Hadiseyi dün gibi hatırlıyorum.
1977 senesiydi zannedersem, dönemin Kara Kuvvetleri Komutanı Namık Kemal Ersun’un ihtilâl hazırlığı içinde olduğunu öğrenen, yine dönemin başbakanı Süleyman Demirel, onu erken emekli ederek, yerine; beş vakit namazını kılan, dindar bir kişi olan 3. Ordu Komutanı Ali Fethi Esener’in Kara Kuvvetleri Komutanı olması için kararname hazirlayıp, Cumhurbaşkanı Fahri Korutürk’e yollar. Fakat, Korutürk de Esener’in dindar olduğunu bildiği için ve kararnameyi imzalamayarak, o da 1. Ordu Komutanı Adnan Ersöz üzerinde inat ve israr eder. Neticede 30 Ağustos tarihine kadar devam eden ve “Hükümetin de, Cumhurbaşkanının da istifa tehditleriyle” de devam eden bu müddetin sonunda her iki komutanın da emeklilik tarihleri gelir ve ikisi de, Kara Kuvvetleri Komutanı olamaz. Onların yerine, hiç alâkası yokken ordu kumandanı Kenan Evren Kara Kuvvetleri Komutanı olur. Hani, Anadolu tabiriyle ortada yatıp başta bulunur. Ve böylece de, ilerideki ihtilâlin baş aktörü tesbit edilmiş olur.

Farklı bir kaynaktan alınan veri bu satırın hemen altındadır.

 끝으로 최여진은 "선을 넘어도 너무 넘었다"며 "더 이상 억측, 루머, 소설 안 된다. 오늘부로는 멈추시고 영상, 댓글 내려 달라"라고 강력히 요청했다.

Tabiî, dindar ve ihtilâlci kafa yapısında olmayan Ali Fethi Esener Paşa Kara Kuvvetleri Komutanı olamayıp, yerine Evren olunca, ilerinin Genelkurmay başkanı da o olur ve hemen kolları sıvayarak, ihtilâl hazırlığına başlar. 1978’de “mükerrer oy hilesi” ve çeşitli hileler ile hükümeti ele geçiren Ecevit’in, memleketi yokluk ve kıtlığa sokması dolayısıyla Evren ve ekibi, daha sonraki Demirel hükümetinin iş başına gelir gelmez ihtilâl yapmak ister. Fakat kendi tabirleriyle “tankları yürütecek benzin” bile yoktur o tarihte. Hükümetin 8-9 ayda benzini v.s yi sıkıntıdan kurtarmasından sonra, Netekim Paşa ve ekibi, malûm ve meş’um, bu milletin en büyük sıkıntılarından birine sebeb olan 12 Eylül 1980 ihtilâlini yaparlar.

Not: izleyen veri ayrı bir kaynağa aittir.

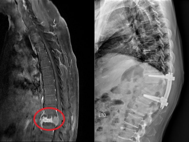 ▲邱先生胸椎第12節有塌陷情形,且已經壓迫神經管,影像懷疑為腫瘤骨轉移導致的非單純骨質疏鬆之壓迫性骨折。(圖/台北慈濟醫院提供)
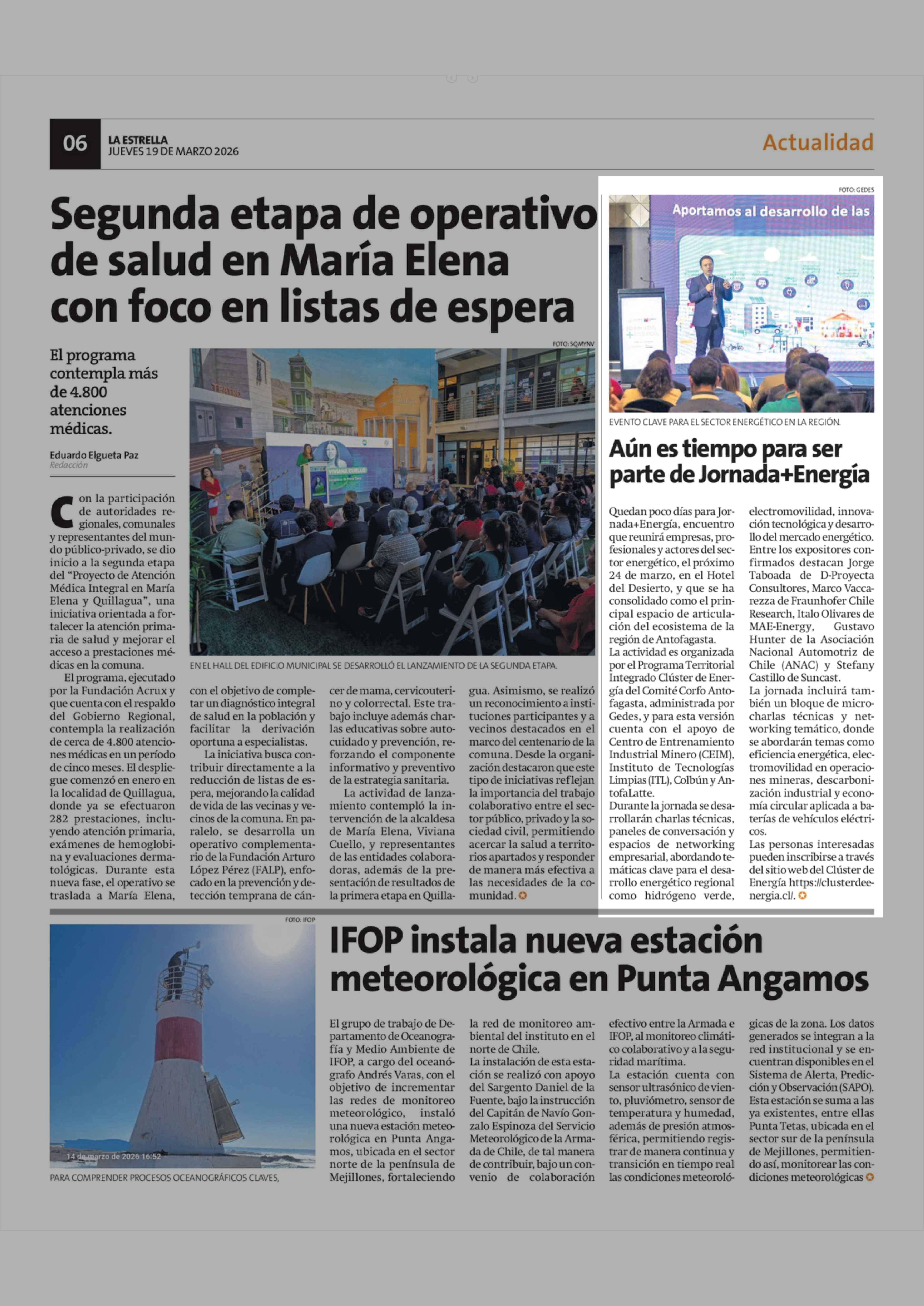 Aún es tiempo para ser parte de Jornada+Energía 19-03-2026 La Estrella de Antofagasta |

O gün Cuma’dır. Babam selâmetlik, beni namaza uyandırmak için gelir, ”Osman kalk oğlum, ihtilâl olmuş! Bu mendebur herifler yine ihtilâl yapmış” dedi. Tabiî yataktan hemen fırlayarak namazı kılıp ‘radyo ve TV’leri takip ettik. Yine Hasan Mutlucan kahramanlık Türküleri okuyordu. Milletin başına büyük bir darbe vurulmuş, her şey alt üst olmuş, Türkiye en az elli sene geriye gitmişti. Milleti “geriye” götürdüler diye suçlayanlar en büyük “gericiliği” yapmışlardı.

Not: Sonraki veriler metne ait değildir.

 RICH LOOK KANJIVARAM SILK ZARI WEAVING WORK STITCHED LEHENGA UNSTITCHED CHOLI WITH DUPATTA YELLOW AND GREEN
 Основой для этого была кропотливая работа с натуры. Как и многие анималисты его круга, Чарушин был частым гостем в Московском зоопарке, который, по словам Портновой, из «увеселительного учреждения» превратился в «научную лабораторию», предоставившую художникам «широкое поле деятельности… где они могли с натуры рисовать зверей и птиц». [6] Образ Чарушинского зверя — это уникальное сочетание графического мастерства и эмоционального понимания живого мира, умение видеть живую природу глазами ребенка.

Geç kalmış talebelik günlerim aklıma geldi. Bir türlü huzur içinde okuyamamıştık, hep anarşi, hep kargaşa. Okula grup halinde gelen sol ve ülkücü gruplar aklıma geldi. Onların, yani iki grubun da önünde yürüyen, yaşı biraz büyük olan birisi dikkatimizi çekerdi, ihtilâlden sonra öğrendik ki, o kişi bir yüzbaşıymış.
ihtilâli olgunlaştırıp, binlerce masumun kanına giren bu ekip, Nur Cemaatinin de, en büyük darbeyi almasına sebeb olmuştur. Ondan sonra da her türlü zulmü, haksızlığı irtikâp etmişlerdir. Sağdan da, soldan da adam toplayarak hapislere tıkmış, zulüm etmiş, öldürmüşlerdir. Diğer vilâyetlerdekilerin yanında, Diyarbakır Hapishanesindeki zulüm göklere çıkmış, o zulümlerin intikamıyla PKK’nın da tohumları atılmıştır.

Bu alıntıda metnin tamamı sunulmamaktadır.